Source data
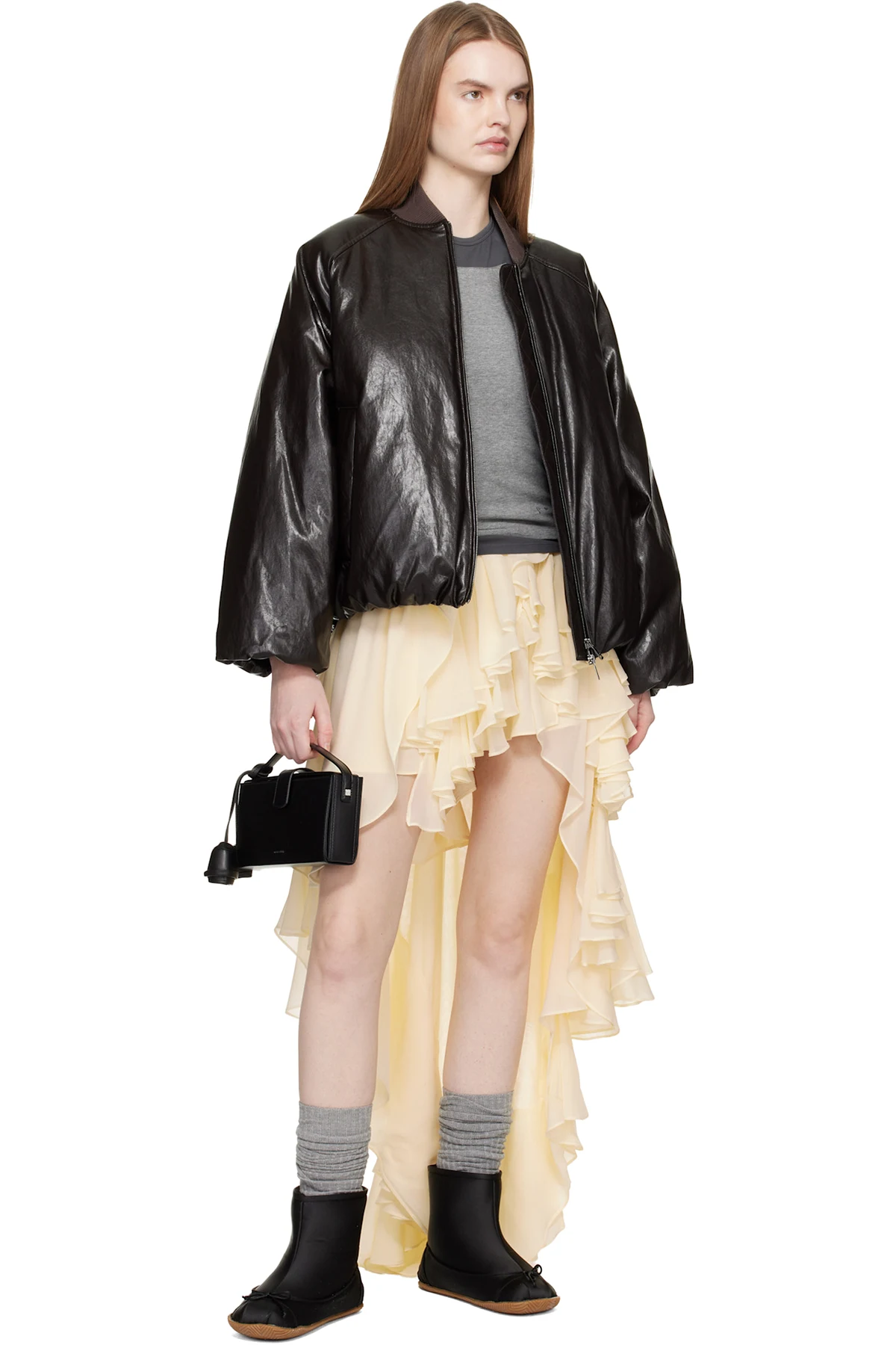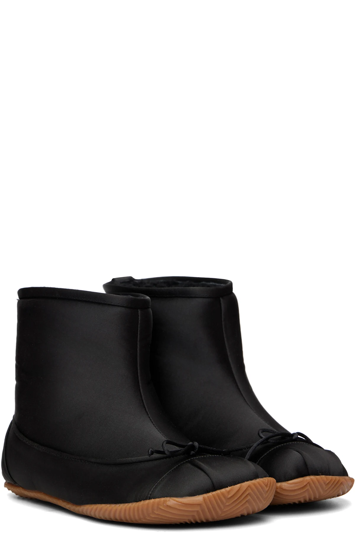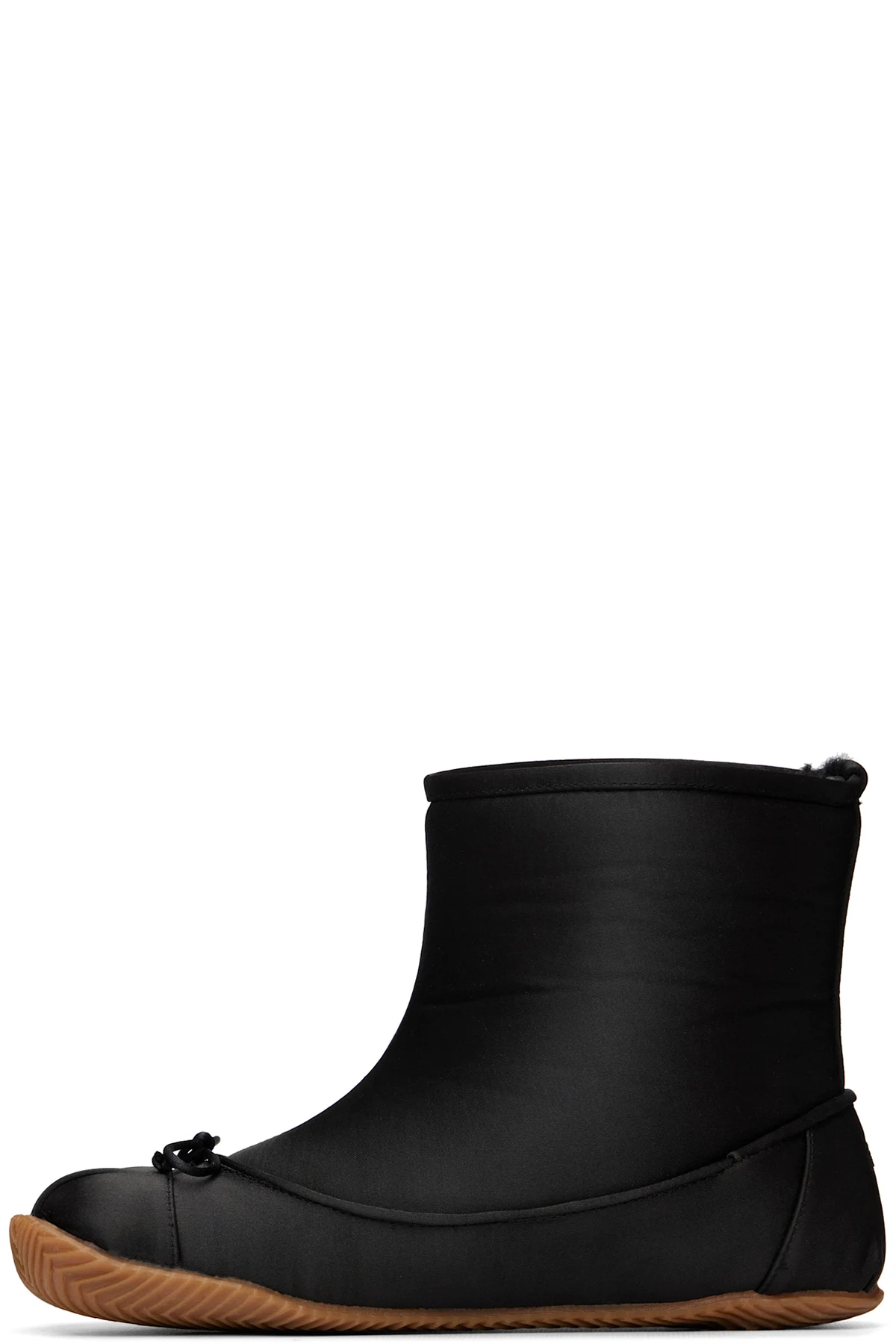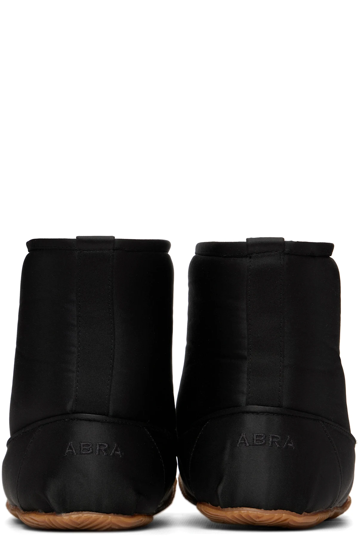 Ankle-high satin boots.
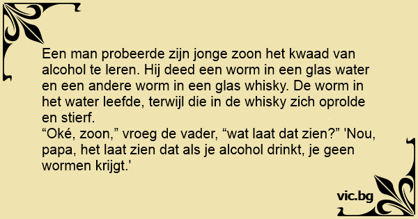 Een man probeerde zijn jonge zoon het kwaad van alcohol te leren. Hij deed een worm in een glas water en een andere worm in een glas whisky. De worm in het water leefde, terwijl die in de whisky zich oprolde en stierf.
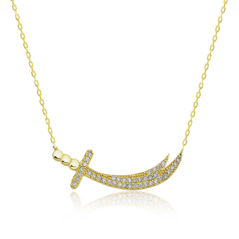 Silver Gold Zulfiqar Sword Women's Necklace According to historians, the Malik of Egypt Mukavkas gave this sword as a gift to the Prophet Muhammad. When Amru bin Adud wanted a warrior to oppose him in battle, the Prophet gave this sword to Ali and allowed him to face him. It is said that Hz. Ali killed nine of the leading warriors of the Quraysh in the Battle of Uhud and that he defended Hz. Muhammad until the last moment, receiving seventy wounds in this battle. For this reason, Gabriel said, “There is no sword sharper than Zulfiqar and no hero greater than Ali.” It is narrated that he said, "There is no fata but Ali, there is no seyfe but Zulfikar." It is stated that he was thrown into the sea in Najaf upon Ali's will. Zulfikar sword women's necklace model is made of 925 sterling silver. Gold plating is done on silver. Gold-plated silver women's necklace models preserve their shine for a long time. As with all of our products, the silver zulfikar sword women's necklace model is also produced by hand. Due to silver and precious stones, there may be ± 10% deviation from the average product weight. Width: 3.50 cm. Length: 1.00 cm. Average Weight: 2.50 gr.
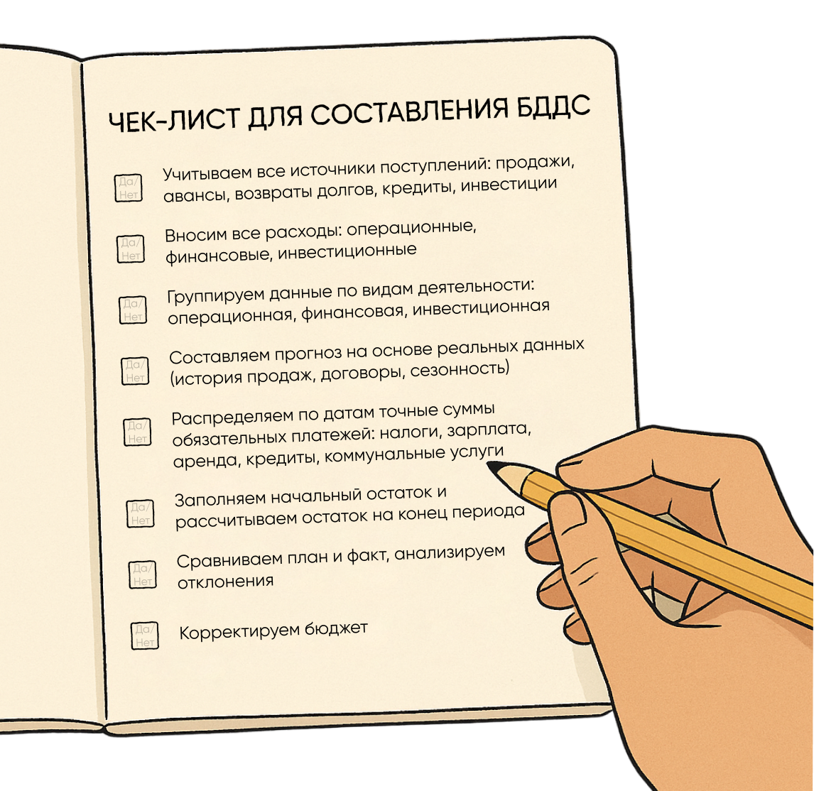 Андрей ушел с пониманием: БДДС — это не формальный отчет, а рабочий инструмент, который помогает управлять финансами компании и защищает бизнес от кассовых разрывов. Теперь он знает, как планировать платежи так, чтобы всегда хватало средств на обязательные расходы.
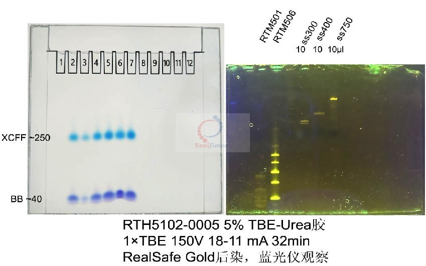 單鏈DNA或RNA樣品可以用單鏈DNA PAGE電泳染色試劑盒(貨號:RTS5103),核酸PAGE電泳染色試劑盒(貨號:RTS5102)或核酸快速高靈敏度染色試劑盒(貨號:RTS5101)染色均可以得到清晰的條帶分離效果。注:如果使用核酸染料染色,RealSafe Red(貨號:GR002)或RealSafe All(貨號:GR004)核酸染料結(jié)合單鏈核酸效果最佳,強(qiáng)烈建議使用以便獲得最佳效果的膠圖。其余染料如GelRed,Goldview,EB等染色效果不好。
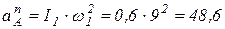 Точка А совершает вращательное движение по окружности вокруг неподвижного центра О1. Поэтому ускорение точки А разложим на нормальную и касательную составляющие:
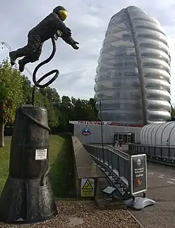 The 7,360m2 scheme occupies a former storm water tank,[24] which now forms the foundations of the building, reducing costs and maximising the reuse of the existing structure.[25] The main rocket tower is clad in inflated pillows made of ETFE – the same material used on the Eden Project domes.[26] This material is 1% of the weight of the equivalent amount of glass.[27] The building was described by The Guardian as "One of the most distinctive and intriguing new buildings in Britain".[28] The main building is a 7200m2 box built on a 14m grid steel frame, clad in a perforated metal skin that conceals the windows and louvres in the profiled steel cladding behind.[29] The roof of the main building is overlaid with gravel in three colours to form a crab nebulae design.[30]
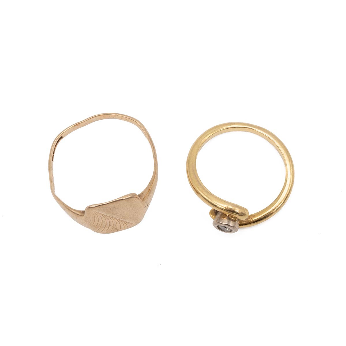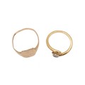 A 9ct gold signet ring, size T, weight, 2.4 grams. Together with an 18ct gold solitaire diamond ring with twisted mount, size L, weight 4.1 grams.
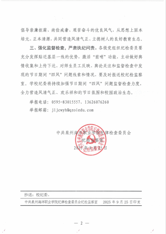 泉海院纪监〔2025〕7号 关于严明2025年国庆、中秋双节期间廉洁纪律的通知
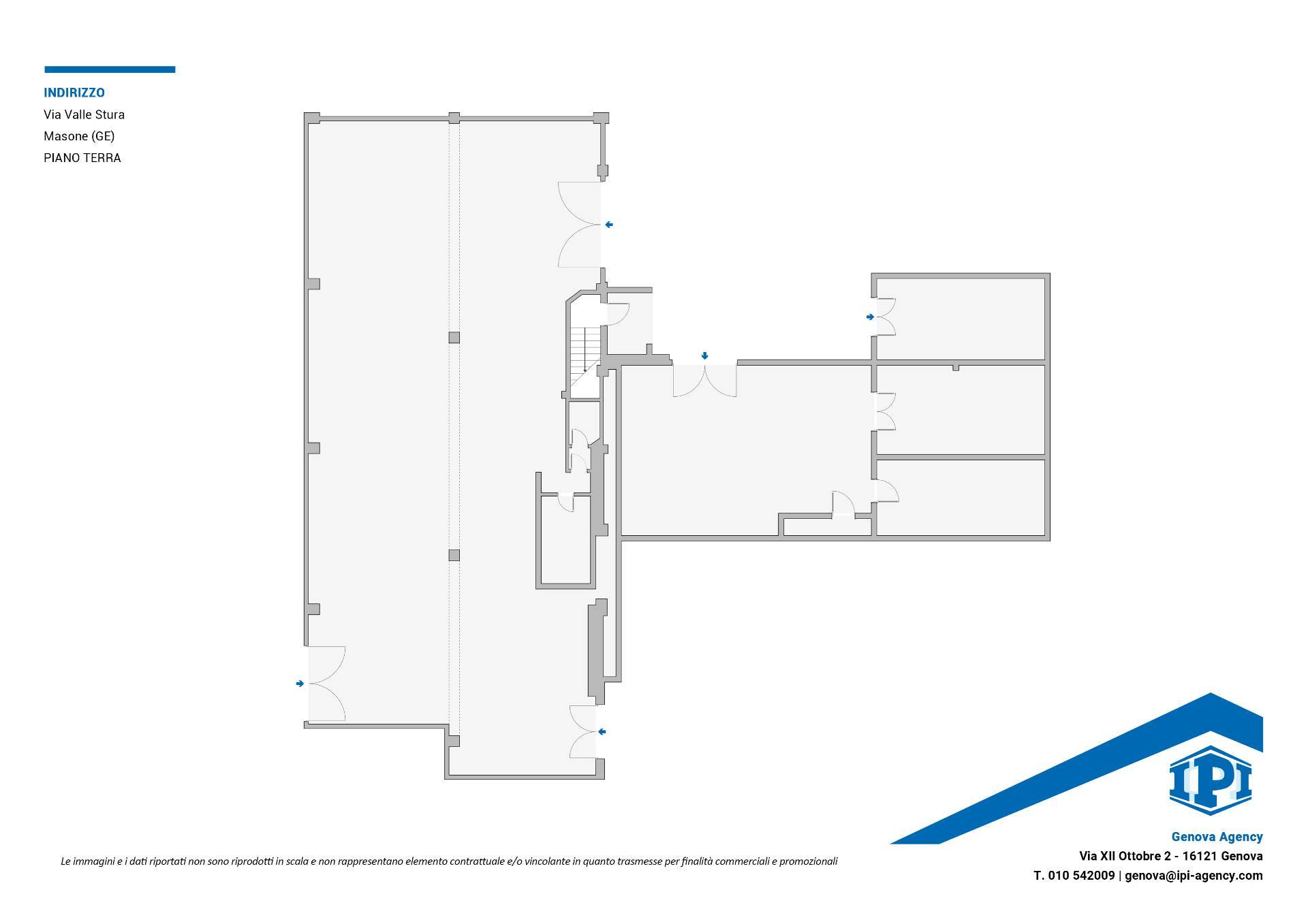 IPI Agency propone in vendita a Masone, in posizione strategica e comoda al casello autostradale di Masone (A26), capannone industriale di circa 1.150 mq (categoria D/8), con altezze interne di 9 mt c.a. (8 mt c.a. sottotrave) e tre accessi carrabili, dispone di piazzale esterno recintato di circa 1.000 mq.
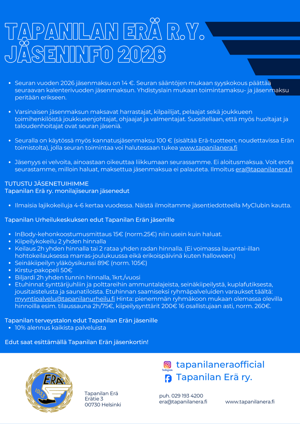 Tapanilan Erän jäsenenä olet oikeutettu seuraaviin jäsenetuihin.

WHAT THE TASK ASKS: Give again, word for word, the lines above from the first one through the one containing "Een man probeerde"; no pictures.

PROBLEM SOLUTION:
 Ankle-high satin boots.
 Een man probeerde zijn jonge zoon het kwaad van alcohol te leren. Hij deed een worm in een glas water en een andere worm in een glas whisky. De worm in het water leefde, terwijl die in de whisky zich oprolde en stierf.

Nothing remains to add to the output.